En el fondo, más allá de la disputa por las tasas de rentabilidad de uno u otro tipo
de prestadores, el costo de las inversiones termina recayendo sobre los usuarios
que pagan los servicios,y una consecuencia ya en marcha de este proceso es el
cambio en la forma en que históricamente se comercializó el acceso a internet,
con el predominio de tarifas planas que no dependen del nivel de consumo. Ese
modelo fue dejado de lado en general en los servicios móviles, que se suelen
vender con caps o límites según abonos, con tarifas crecientes. Esto ya está
siendo implementado también por muchos operadores de redes fijas alrededor del
mundo, que pasaron a exigir pagos adicionales por mayor consumo. Los
operadores de red fundamentan el cambio bajo una idea de justicia distributiva, de
modo que sean los usuarios más intensivos, que en general realizan más
consumos audiovisuales, quienes asuman los mayores costos. Pero este
esquema les permite a la vez rentabilizar el aumento del tráfico, asociándose a las
ganancias generadas por los nuevos consumos over-the-top.

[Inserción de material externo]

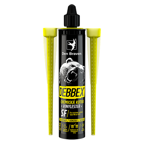 Kotva chemická DEN BRAVEN DEBBEX SF vinylester 280ml Chemická kotva na bázi vinylesterových pryskyřic umožňuje kotvení do všech typů podkladů při teplotách až do +40 °C. Snadno tak lze kotvit do podkladů z betonu, tvárnic, plného zdiva, dutých cihel, přírodního...

Se puede esperar, por un lado, que a mediano plazo las decisiones de políticas en
marcha amplíen su foco, considerando aspectos regulatorios más amplios de la
convergencia, con una nivelación de las obligaciones entre los actores
participantes. Desde hace décadas, los jugadores tradicionales están sujetos a
diversas regulaciones específicas nacionales, que fijan imposiciones fiscales
generales o particulares, limitaciones de licencias o de concentración de mercado,
obligaciones de prestación o transmisión, cuotas de programación, entre muchos
otros aspectos. Algo a lo que los nuevos prestadores digitales en general no están
sujetos, y de lo que se vienen beneficiando. Principalmente los grandes
intermediarios globales, que sacan provecho de una suerte de desterritorialización
continua, moviendo sus casas matrices a países favorables, prestando servicios
desde el exterior. El asunto es que lo que era novedoso se fue convirtiendo en
dominante, y esos pocos grandes actores aprovecharon la fluidez del cambio para
consolidarse a escala global, en muchos casos superando en tamaño y en
capacidades de actuación a los propios Estados nacionales.